Последние слова чтица произнесла тихо, испуганно и перестала читать. Все молчали и не двигались, никто не работал; некоторые с остановившимися от страха глазами, некоторые в глубокой задумчивости глядя в никуда или машинально теребя нитки, поглаживая пальцами шитье. Безразличных не было. Наконец чтица вопросительно посмотрела на Соломонию: читать ли дальше? И кое-кто еще посмотрел так же.
- Ладно, ныне хватит...
К шитью она вернулась в том же, двадцать шестом. После Петрова ждала в гости Мансурову и Траханиот - известили письмом, что будут. Вспоминала вместе пережитое, разные случаи, и вдруг в памяти всплыла узкая дубовая гулкая лесенка на третье жилье ее кремлевского терема, залитая солнцем то с одной, то с другой стороны ее мастерская и склоненные над шитьем головы и спины ее ненаглядных, бесценных мастериц, и впервые остро почувствовала и подумала, что самым прекрасным и отрадным, без единого пятнышка в ее прежней жизни было в общем-то только шитье и эта мастерская. И она, конечно, тут же позвала Наталию Телпневу и велела готовить все необходимое, чему та несказанно обрадовалась, признавшись, что уже давно тоскует без шитья, даже видела себя во сне не раз за пяльцами. Говорила это, улыбалась, а у самой на глазах радостные слезы. И через два дня они уже начали обе небольшие платы с херувимами. Нашлись и среди инокинь три неплохие мастерицы. Потом несколько еще попросили выучить их этому рукоделию. Но она, как и прежде, отбирала только действительно способных. И все равно через год их было уже одиннадцать, а через два двадцать одна, и пятеро из них суздальские мирянки. Желающих же учиться вообще без счета. Шли и шли. И если в самом начале худо-бедно, но все размещались в ее доме, то позже пришлось устраивать для них в монастыре особую палату: из бревенчатой трапезной выселили половину хозяйственных служб и отдали помещения им. Стояла трапезная хорошо, у восточной стены - свет ничто не застило, да она еще велела и в другой стене прорубить три окна - мастерская опять получилась двухсветная. Заказы текли рекой: все монастыри заказывали, церкви, епископ, частные лица, из других городов и обителей стали заказывать. Потому что уж больно тонкое, больно красивое, больно богатое и затейливое было буквально все выходившее отсюда, начиная с небольших платков и ширинок до полутора- и двухсаженных покровов и воздухов на гробницы святых и преподобных. И сплошь золотое шили, и серебряное, и низанное каменьями и жемчугом.

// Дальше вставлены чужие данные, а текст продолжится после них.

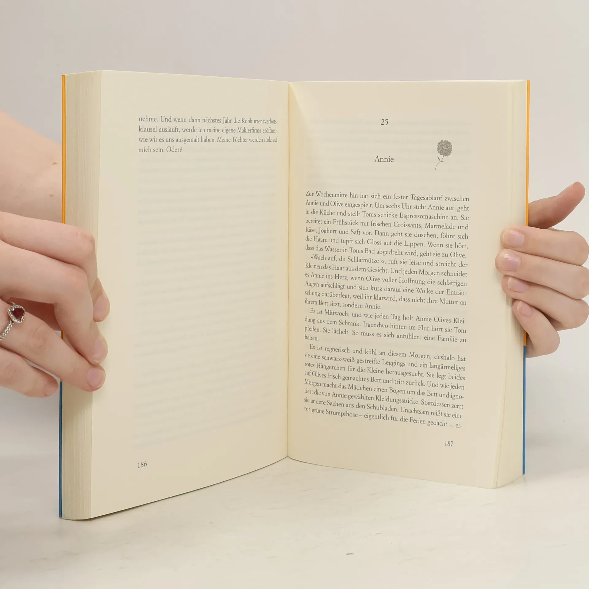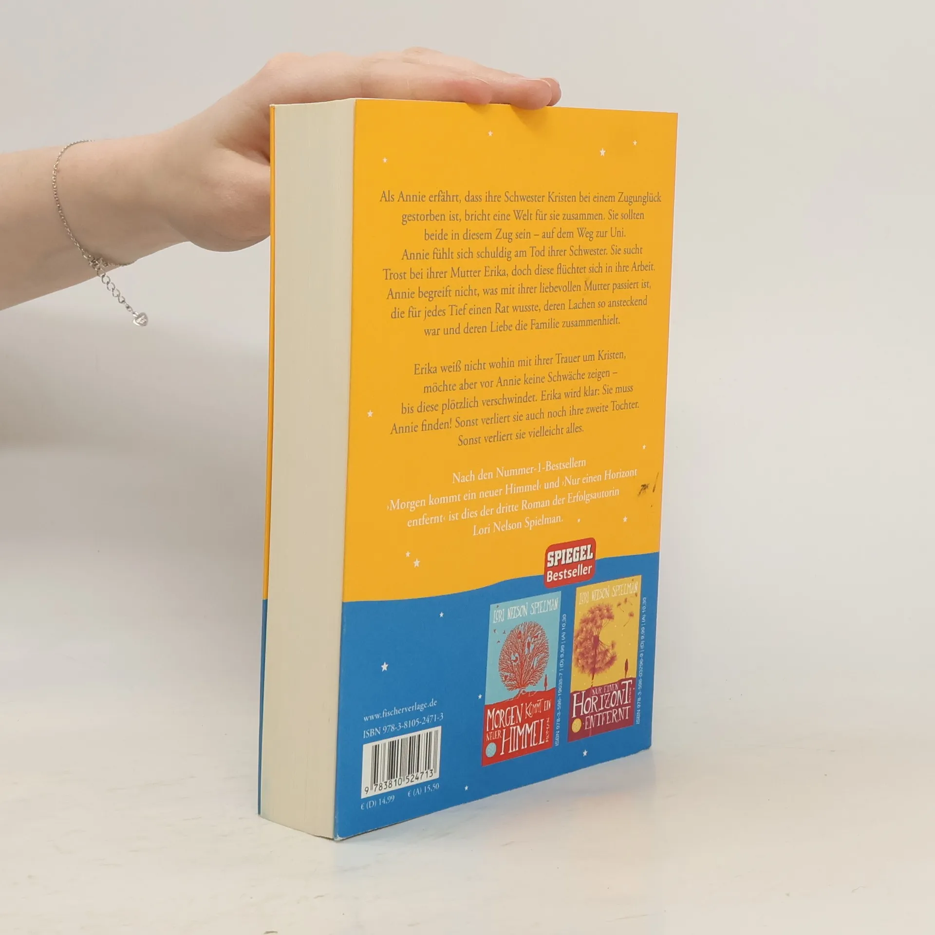Ein ergreifender und aufrüttelnder Bestseller von Lori Nelson Spielman, der Mut macht, sich auf die Suche nach dem Glück zu machen. Man weiß nie, wo man es finden wird. Als Annie erfährt, dass ihre Schwester Kristen bei einem Zugunglück gestorben ist, bricht eine Welt für sie zusammen. Sie sollten beide in diesem Zug sein – auf dem Weg zur Uni. Annie fühlt sich schuldig am Tod ihrer Schwester. Sie sucht Trost bei ihrer Mutter Erika, doch diese flüchtet sich in ihre Arbeit. Annie begreift nicht, was mit ihrer liebevollen Mutter passiert ist, die für jedes Tief einen Rat wusste, deren Lachen so ansteckend war und deren Liebe die Familie zusammenhielt. Erika weiß nicht wohin mit ihrer Trauer um Kristen, möchte aber vor Annie keine Schwäche zeigen – bis diese plötzlich verschwindet. In ihrer Verzweiflung denkt sie immer wieder an eine Lebensweisheit ihrer Mutter „Verwechsle niemals das, was wichtig ist, mit dem, was wirklich zählt“. Erika wird klar: Sie muss Annie finden! Sonst verliert sie auch noch ihre zweite Tochter. Sonst verliert sie vielleicht alles. Endlich – der dritte herzergreifende Roman von Weltbestsellerautorin Lori Nelson Spielman! Nach den Erfolgsromanen ›Morgen kommt ein neuer Himmel‹ und ›Nur einen Horizont entfernt‹ kommt mit ›Und nebenan warten die Sterne‹ ein neuer bewegender Roman für alle Mütter, Töchter und Schwestern, der jede Leserin begeistern wird.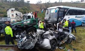 Tungurahua: Carro quedó atrapado debajo de micro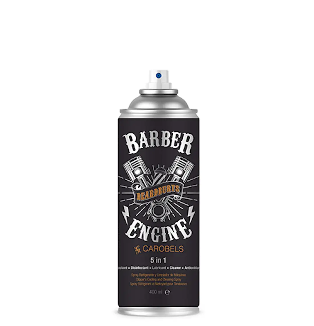 Beardburys rengjøringssray for klippemaskiner som både kjøler, desinfiserer, smører/oljer, renser og har antirustbeskytter.

Причем каждый любопытствующий мог свободно прийти в любой день после полудня в Покровский монастырь, обогнуть справа собор и побывать в этой мастерской, посидеть на специально для того поставленных у стен лавках и поглядеть, как монашки и мирянки творят свои дивные дива, только ни в коем случае не мешать им, не стоять за спинами, не ходить, не разговаривать нарушителей выпроваживали.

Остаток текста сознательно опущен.